• _What needs to be done_: With the pictures removed, please write out every line below exactly as given.

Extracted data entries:

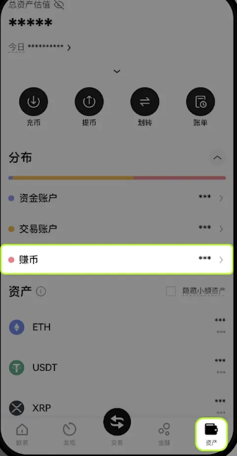 打开易欧交易平台app, 在 【资产 】-【赚币】
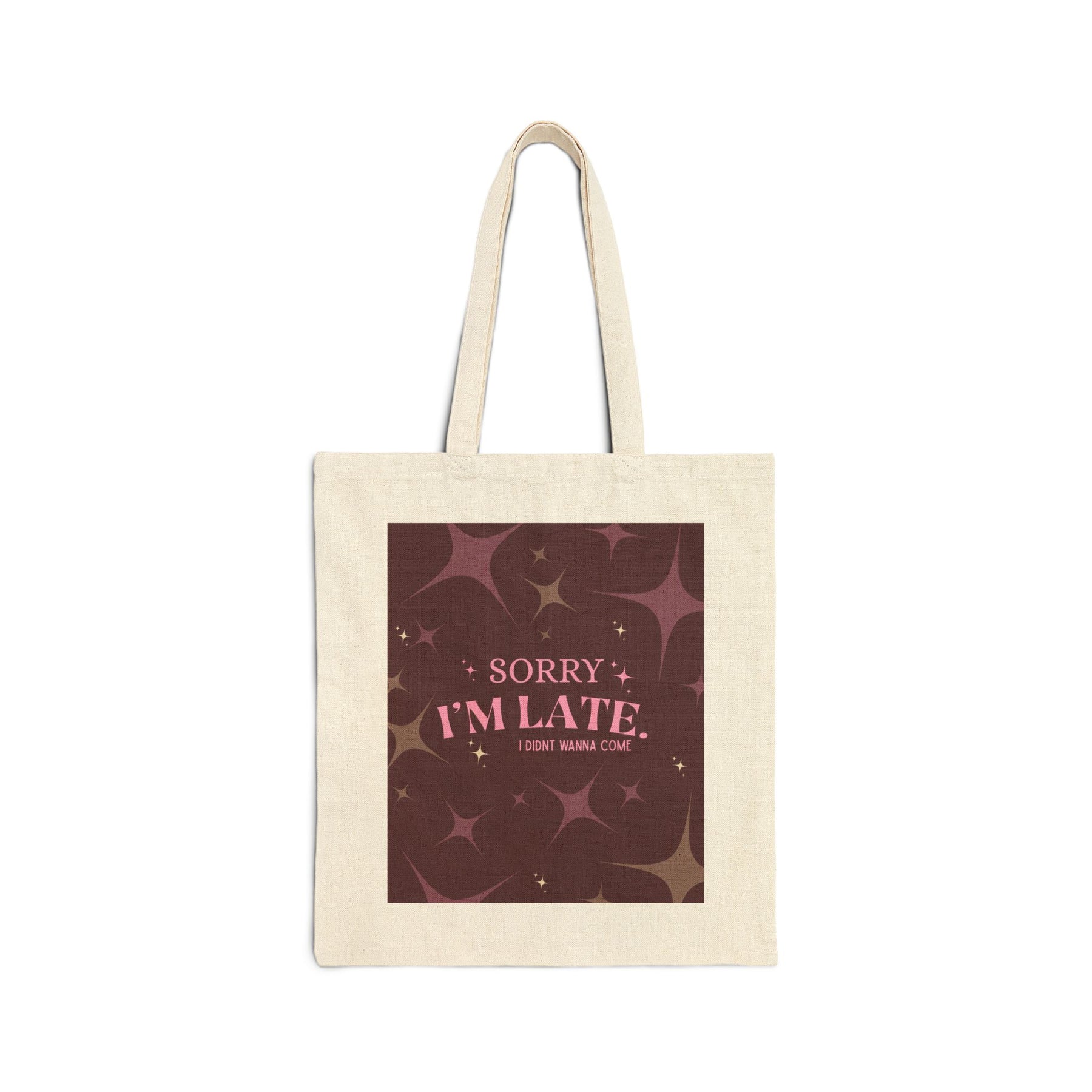 Bold purple and black lettering says what we’re all thinking: “sorry I’m late, I just didn’t want to come.” No cap. No excuses. Just vibes.
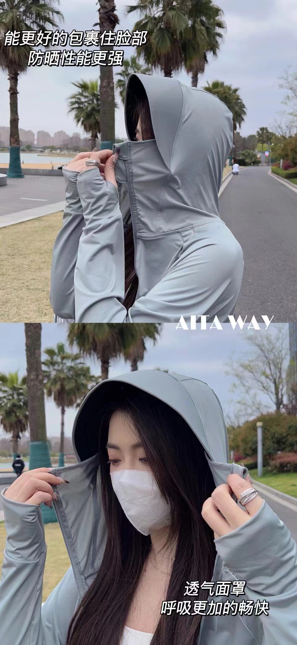 女性用日焼け止め服、夏用薄手UPF50+抗UV弾性スリムフィットファッショナブルで多用途な高弾性アイスシルク日焼け止め服
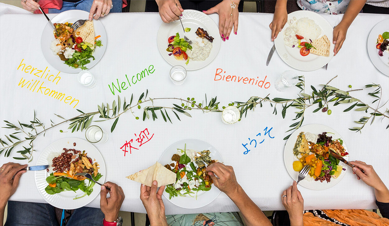 Visit a restaurant that serves different ethnic foods, a cross-cultural coffee or boba shop, or an international food market, and start conversations in those places.
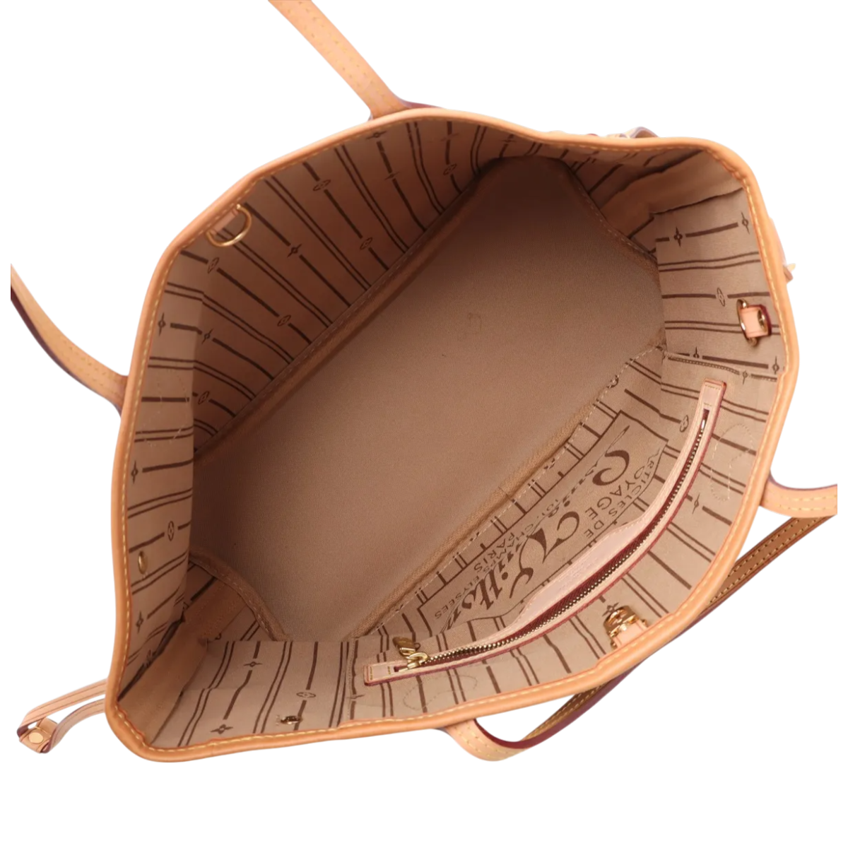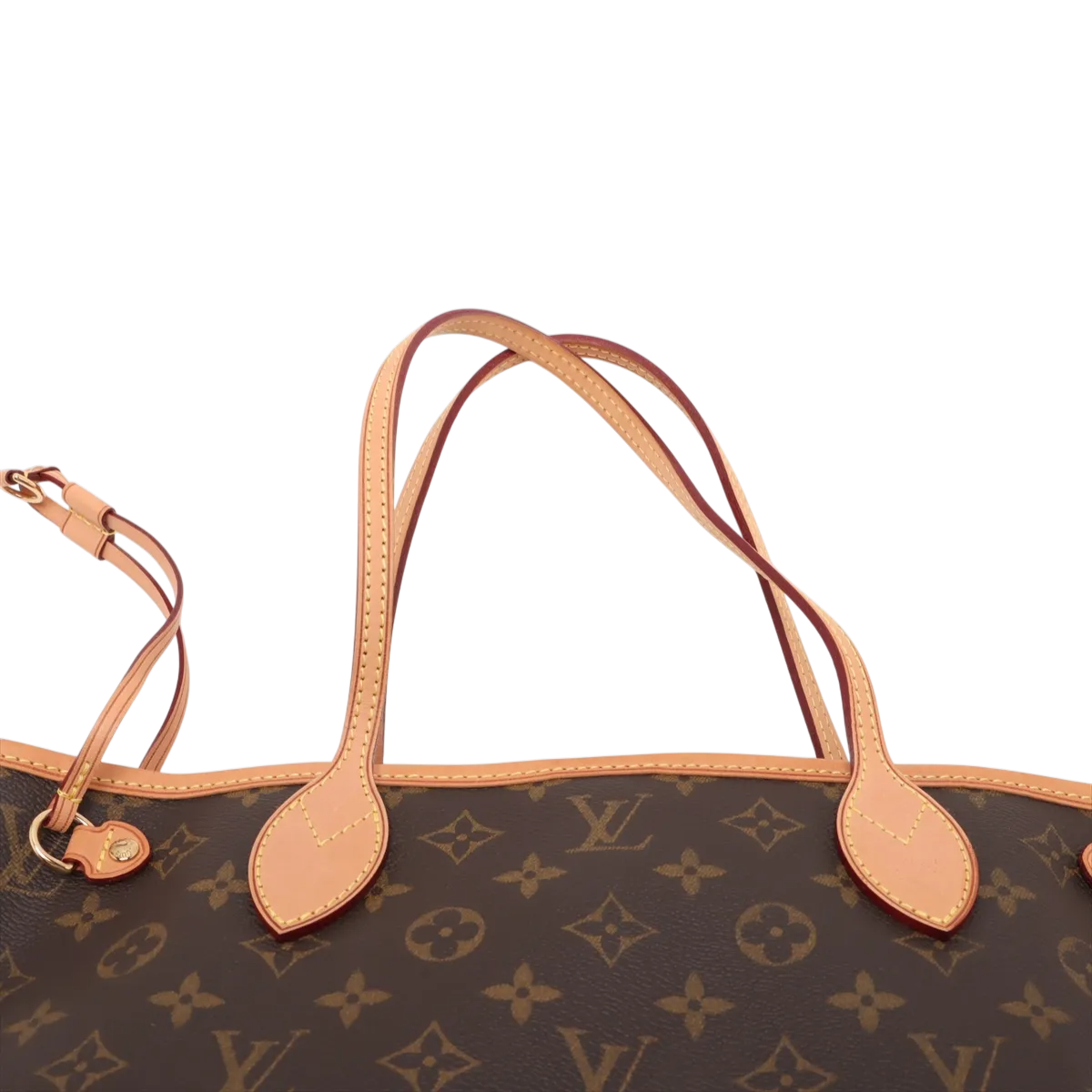 Dank der stabilen Schulterhenkel lässt sich die Neverfull bequem tragen, während die seitlichen Lederschnüre eine flexible Anpassung der Form ermöglichen. Das Design ist bewusst minimalistisch gehalten und überzeugt durch seine Vielseitigkeit sowie den hohen Wiedererkennungswert.

• _Finished task_:
 打开易欧交易平台app, 在 【资产 】-【赚币】
 Bold purple and black lettering says what we’re all thinking: “sorry I’m late, I just didn’t want to come.” No cap. No excuses. Just vibes.
 女性用日焼け止め服、夏用薄手UPF50+抗UV弾性スリムフィットファッショナブルで多用途な高弾性アイスシルク日焼け止め服
 Visit a restaurant that serves different ethnic foods, a cross-cultural coffee or boba shop, or an international food market, and start conversations in those places.
 Dank der stabilen Schulterhenkel lässt sich die Neverfull bequem tragen, während die seitlichen Lederschnüre eine flexible Anpassung der Form ermöglichen. Das Design ist bewusst minimalistisch gehalten und überzeugt durch seine Vielseitigkeit sowie den hohen Wiedererkennungswert.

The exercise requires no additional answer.